Revisional Subtalar Joint Fusions: What You Should Know

Mitzi L. Williams, DPM

When complications occur following subtalar joint fusion, surgeons may need to weigh revisional surgery options in order to correct the deformity. This author discusses common indications for revisional arthrodesis and offers step-by-step pearls to help ensure optimal outcomes.

   An isolated subtalar joint arthrodesis has proven over the years to be a successful procedure in the management of numerous hindfoot problems. Outside of an isolated fusion, a successful subtalar joint arthrodesis has been an integral component of a triple arthrodesis in hindfoot pathology.

   Authors have reported high rates of patient satisfaction, low rates of complications and low rates of nonunion with subtalar joint arthrodesis.1-6 Rates of union range from 86 to 100 percent for primary isolated subtalar joint fusions.2-4,7-14 Even with encouraging union rates, complications may arise and a revisional subtalar joint arthrodesis may be warranted. Researchers have shown the rate of union diminishes following the failure of previous subtalar arthrodesis.9

   As with any revisional surgery, challenges are common with respect to anatomy, fixation, bone stock and function. The increase in scar tissue or fibrosis limits function, and the ease of surgical positioning. Fibrotic tissue also tends to be less vascular in nature, leading to an increase in wound complications. Anatomic dissection and preservation of structures outside the range of arthrodesis are important in minimizing adhesions.

   Bone morphology post-fixation or previous surgery can also be complicated. Previous hardware forces a surgeon to alter further placement of fixation. Likewise, existing areas of bone deficit may force one to use a variety of fixation techniques and/or bone graft. The features of revisional fusions are unique.

When Is Revision Indicated?

   One often performs a subtalar arthrodesis when the joint is arthritic or destroyed. Surgeons often use the procedure to stabilize the rearfoot in progressive pathology. There are numerous etiologies for lower extremity joint destruction including trauma, congenital deformities, pathological biomechanics, Charcot neuroarthropathy, infection and inflammatory arthridities. With each broad category, fixation may change while the basis behind arthrodesis remains the same. One fuses the joint to eliminate pain and/or reduce deformity.
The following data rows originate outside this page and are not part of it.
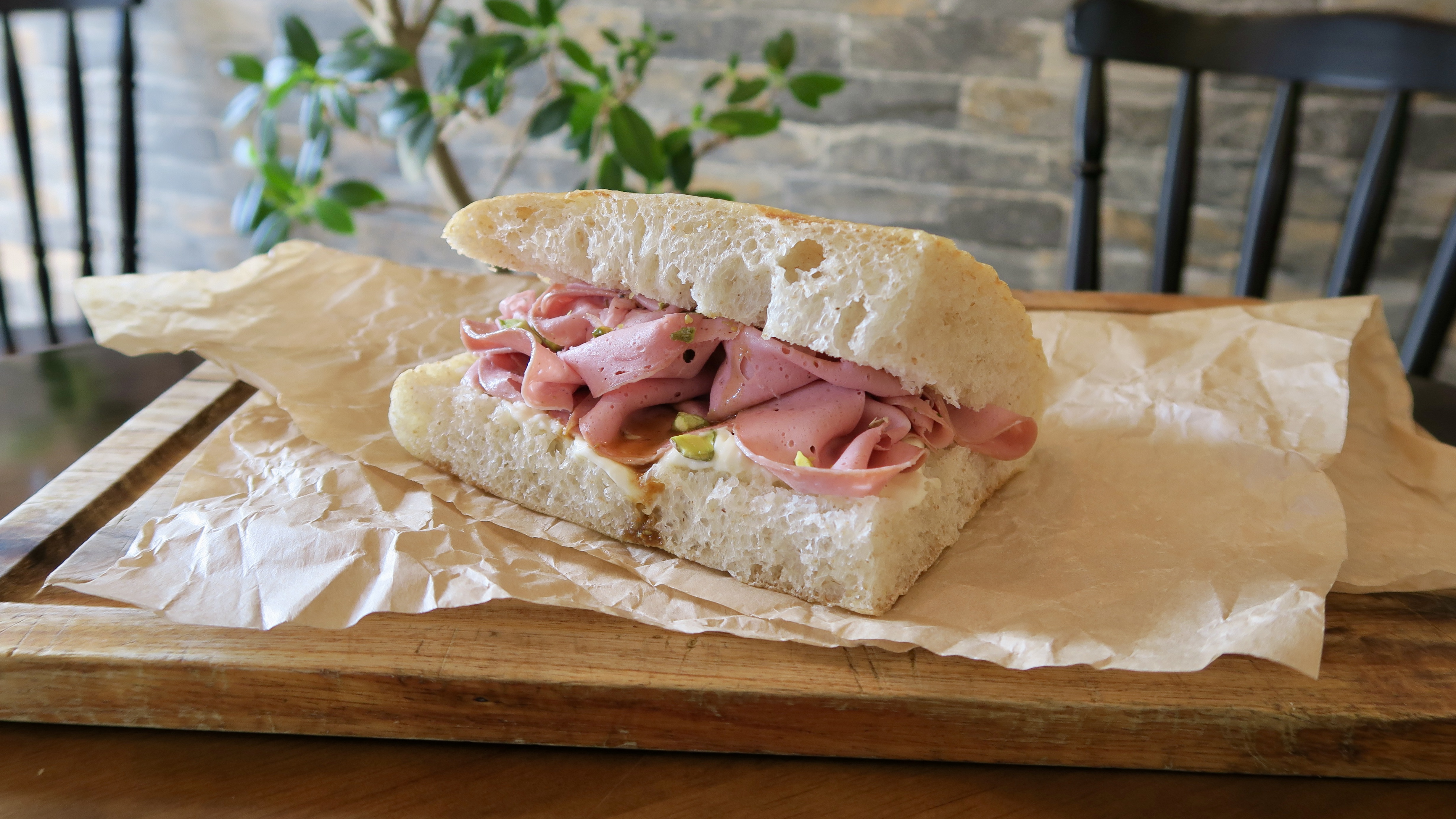 フォカッチャ:不動の⼈気ナンバーワン商品!ふかふかのフォカッチャに、ハムとチーズソース、⾹り⾼い⾃家製ピスタチオソースをたっぷりとトッピングしました。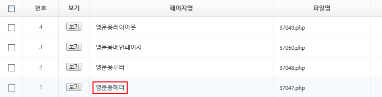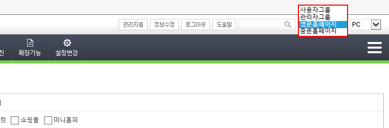 1) 페이지관리 > 우측상단의 GNB그룹 선택상자에서 영문홈페이지 선택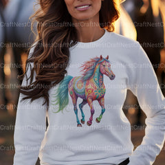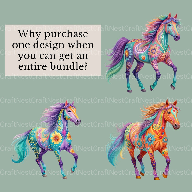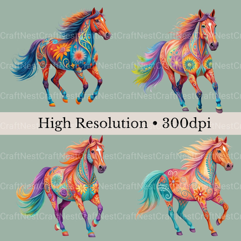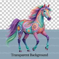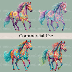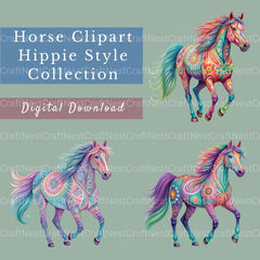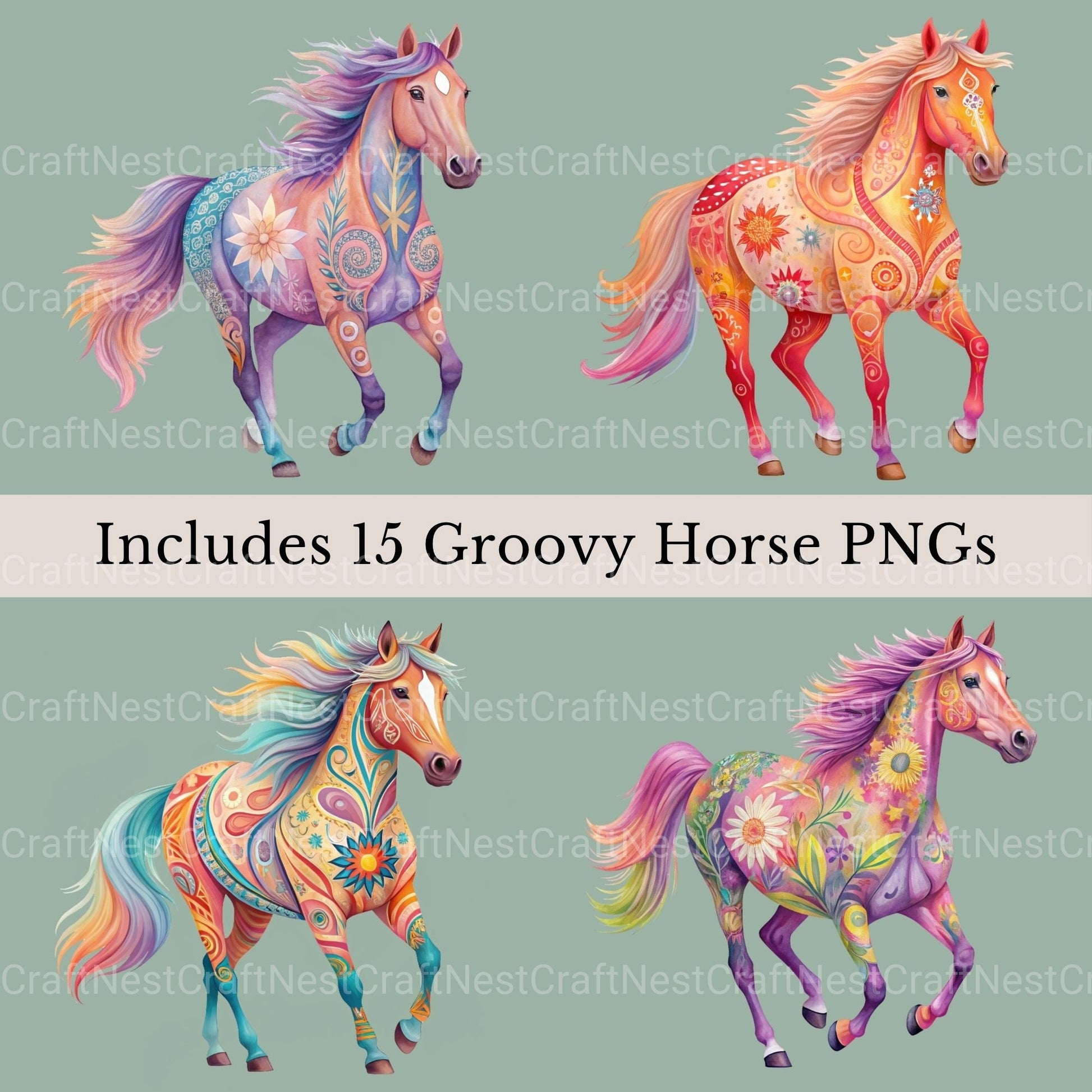 Groove with this Horses Hippie Groovy 15 Clipart Bundle, featuring hippie horse designs, ideal for horse boho crafts.

   The indications for revisional arthrodesis vary in comparison to primary fusion. A primary fusion centers upon a painful arthritic joint or the need to create a rigid structure. The joint can be painful and arthritic for a spectrum of reasons. A revisional fusion, on the other hand, can help manage a failed primary fusion or fix a greater deformity.

   Indications for revisional subtalar fusions include traumatic arthritis or trauma, malalignment, nonunions, progressive Charcot neuroarthropathy, subsequent infection and inflammatory arthridities. Often, there are greater systemic causes that lead to failed primary fusions and the need for revision. Systemic illnesses and comorbidities may play a role when there is an absence of bone healing. Likewise, controllable factors such as smoking, obesity and malnutrition impede osseous unions.

   The need for revision may stem from malaligned successful unions as well. For example, a varus or excessively valgus hindfoot may warrant revision of the primary arthrodesis site. It is the malaligned, fused joint that causes pain elsewhere. Obstacles can arise in any revisional surgery but well planned surgery can help facilitate success.